* Task goal *
Could you repeat, exactly and with no pictures, only the lines from the start of the records through the line containing "Модель предлагается в"?

* Provided data *
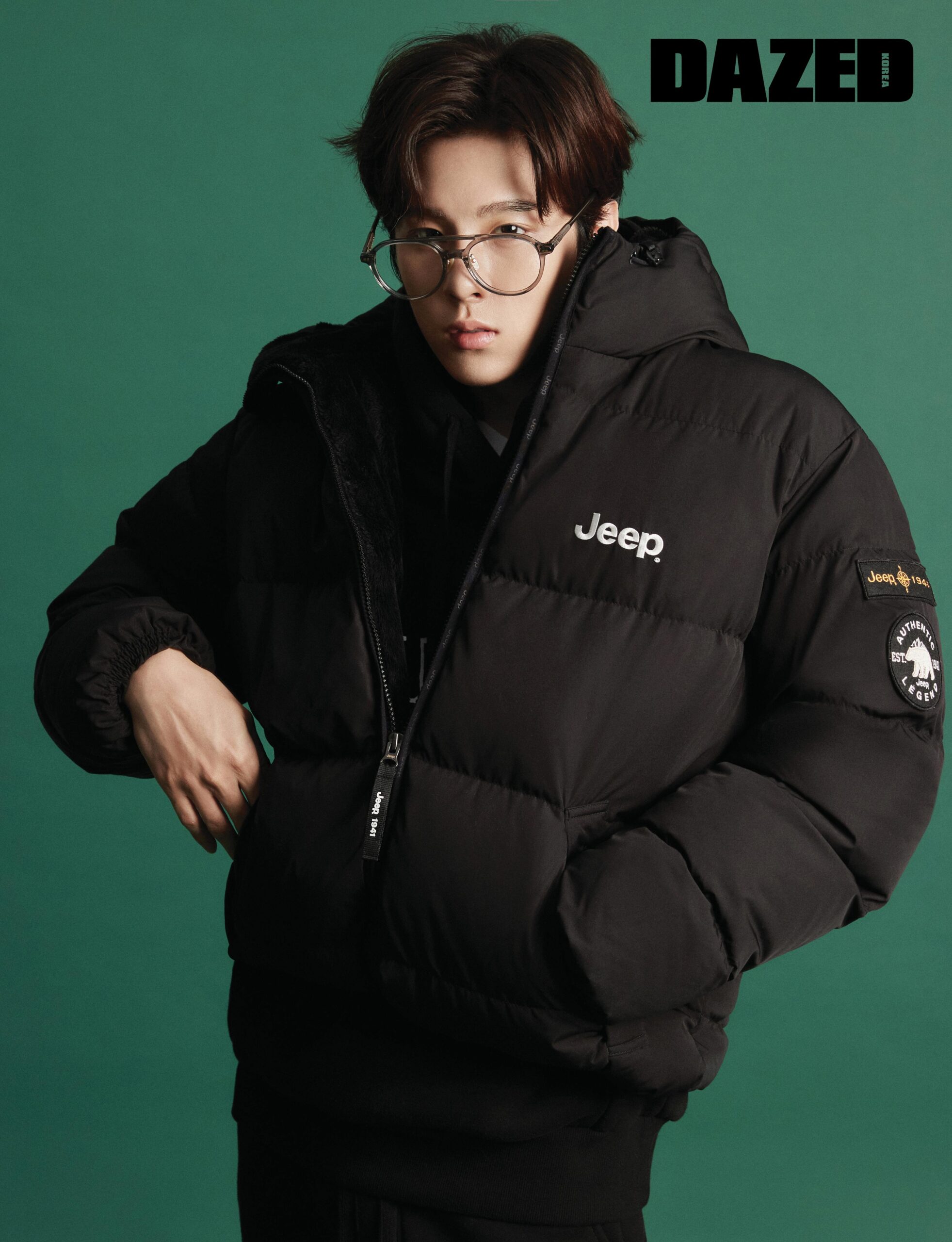 푸퍼 후드 다운점퍼와 블랙 컬러 후드 톱, 스웨트팬츠는 모두 지프(Jeep), 아이웨어는 로렌스폴(Laurence Paul).
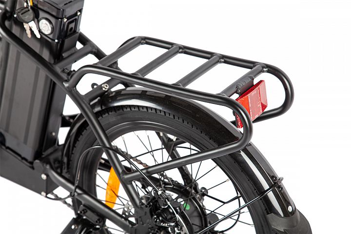 Модель предлагается в двух цветовых вариантах. Кроме всего прочего, на электровелосипеде предусмотрен прочный металлический багажник, так что перевозка рюкзака с рабочими принадлежностями или личными вещами никогда не будет для вас проблемой!
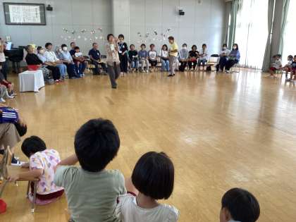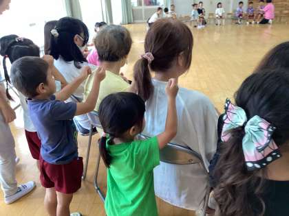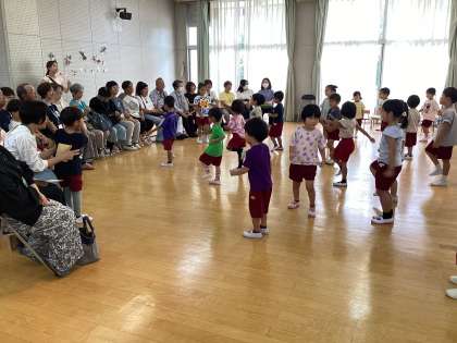子どもたちが楽しんでいる「めっちゃげんき体操」を見てもらったり、昔から遊んでいるコマやあやとりをおじいさんおばあさんに見せてもらったり、歌を歌ったりして楽しい時間を過ごしました。最後はおじいさんおばあさんの肩をたたいて、喜んでもらい、パワーのおすそ分けができました。子どもたちが気持ちを込めて絵をかいたプレゼントのキーホルダーは来られている方に手渡しできました。来られなかったおじいさんおばあさんにも持ち帰っているので、お家で渡せると喜んでもらえるかなと持ち帰っています。
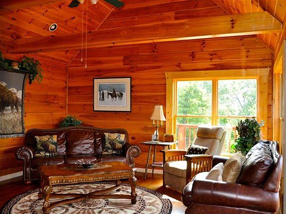 Absolutely magical views and total privacy! That's what this lodge home offers for you! No matter where you choose to relax - Living Room, Dining Room, Quiet Den or Game Room - the mountain top views are unbelievable! Relax in the private hot tub and unwind - Red Wolf Lodge style! Only a few cabins in Hickory Hollow have this MILLION DOLLAR view. There are only two cabins on Briley Way so the privacy is second to none. The cabin had been recently updated with new stainless appliances, wainscoting, carpet, counter tops, double heat and air units, tile bathroom, new windows on the main level and new hot tub. As well as driveways freshly paved and cabin freshly stained. Few cabins have their own well not only does this one but it also has 3 holding tanks.
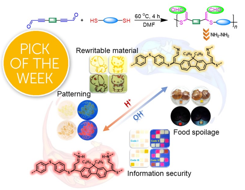 酸碱平衡是生物体赖以生存的关键,发展具有监测及调控酸碱状态的新型功能材料对于食品、医学、环境科学等领域具有重要研究和应用价值。近日,sunbet申搏官方网站环境友好高分子团队与华南理工大学秦安军教授团队合作,建立了一种无催化醛基活化内炔与巯基的点击聚合,成功制备一系列多功能聚硫醚。利用该聚硫醚结构中的高反应性醛基及荧光芴基,不仅可实现肼的高灵敏、选择性检测;而且反应新生成亚胺键上的氮原子在不同酸碱环境中会发生可逆的质子化/去质子化反应,由此产生的分子内电荷转移过程使得聚合物光物理性质发生系列变化,实现其在多色图案化、复写材料、四重信息加密及食品保鲜监测等多场景的应用。
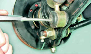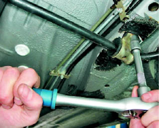 Так же вынимаем болт соединения стойки стабилизатора с правым рычагом подвески. 5. Торцовым ключом на 13 мм с коротким удлинителем отворачиваем две гайки крепления скобы левой подушки штанги стабилизатора к кузову.
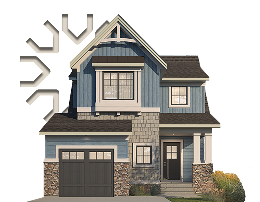 This rustic farmhouse design is inspired by the beauty of the foothills, proximity to the mountains, and the strong history of ranching in Alberta. These new single family homes are rooted, rich, and hearty, referencing the grandeur of the landscape that surrounds the Wildflower community with a textured palette and historically-inspired detailing.
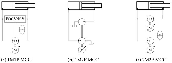 In an MCC, electric servo motor(s) driving fixed-displacement hydraulic pump(s) are used. The motion of the hydraulic cylinder is controlled by manipulating the electric servo motor velocities. MCCs can be categorized into various topologies based on the number of electric servo motors and hydraulic pumps employed [5]. The main topologies include one-motor-one-pump (1M1P), one-motor-two-pump (1M2P), and two-motor-two-pump (2M2P) MCCs, as illustrated in Figure 1.
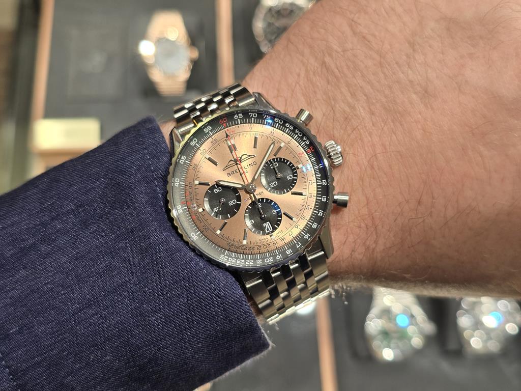 O renomeju blagovne znamke ni treba posebej razglabljati. Njihova kronografska zgodba sega v davno leto 1915, ko so na zapestje poveznili prvo uro s funkcijo kronografa. Kasneje so še patentirali, za današnja merila, vsakodnevno funkcijo kronografa z dvema potiskačema – start in stop. Ljubitelji filmov zagotovo pomite Johna Travolto, ki je nosil ikoničnega Navitimerja. Prepoznavno uro zavoljo svoje lunete, ki služi kot nekakšen vsestranski kalkulator.
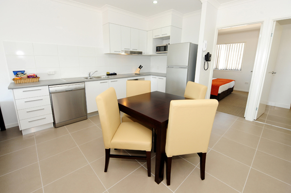 Spacious and Modern Gladstone Heights Executive Apartments offer a range of 1, 2 and 3 bedroom accommodation in a two-storey townhouse configuration. A combination of king double and king single beds are available. The townhouses have orientations to the east, west and north offering a variety of views and outlooks. Tiled living areas, with carpeted bedrooms. Multi-head reverse cycle air-conditioners will keep you comfortable in all weather. Kitchens are fully self contained which allow the guest to have the choice of cooking their own meals.
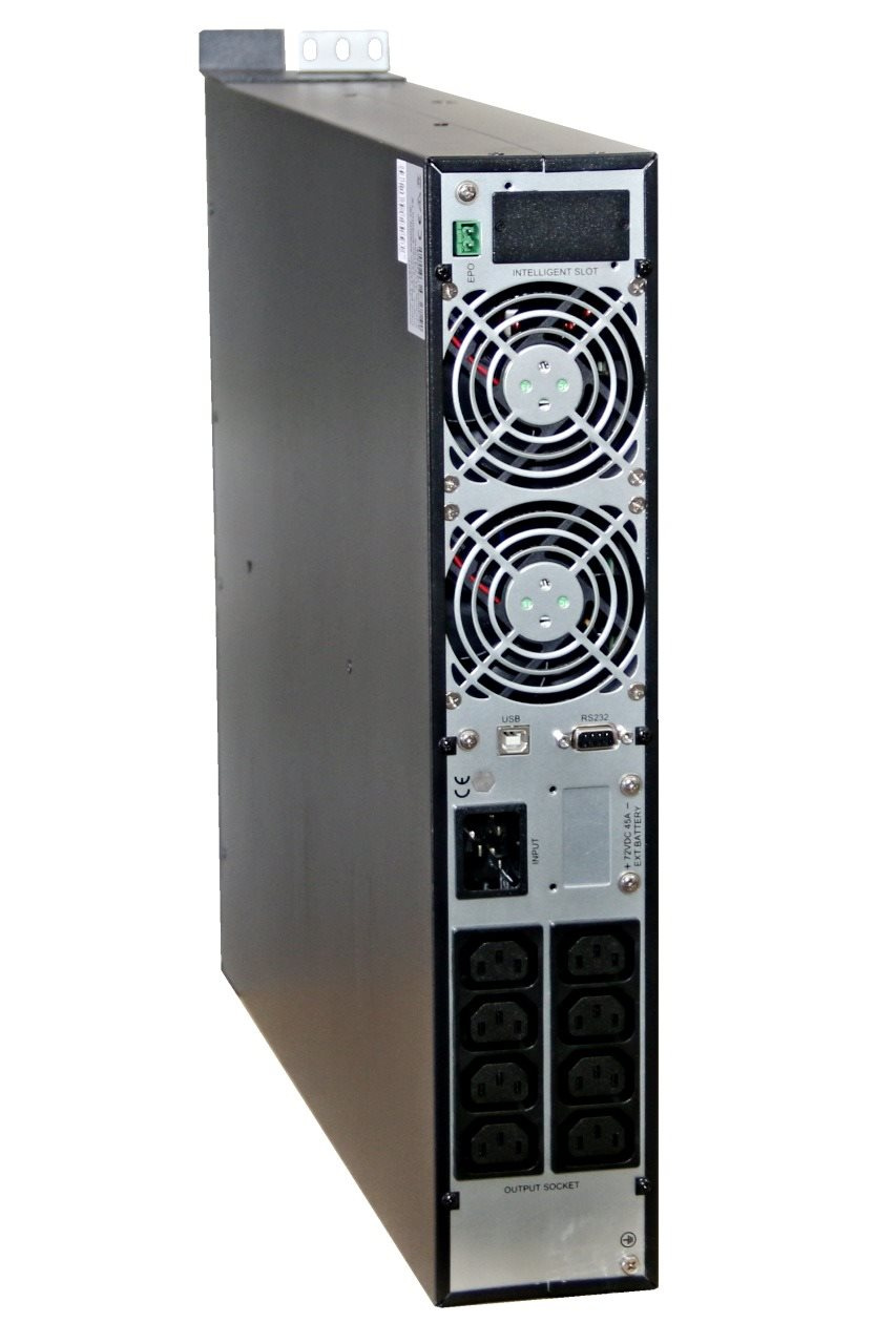 Online záložný zdroj EA903PRT so sínusovým výstupom. Rozmerovo navrhnutý pre serverové aplikácie (montáž do 19" racku). Súčasťou balenia sú plastové podstavce na vertikálne umiestnenie. 3 ovládacie tlačidlá a informačný displej na prednom paneli.

* Response area *
 푸퍼 후드 다운점퍼와 블랙 컬러 후드 톱, 스웨트팬츠는 모두 지프(Jeep), 아이웨어는 로렌스폴(Laurence Paul).
 Модель предлагается в двух цветовых вариантах. Кроме всего прочего, на электровелосипеде предусмотрен прочный металлический багажник, так что перевозка рюкзака с рабочими принадлежностями или личными вещами никогда не будет для вас проблемой!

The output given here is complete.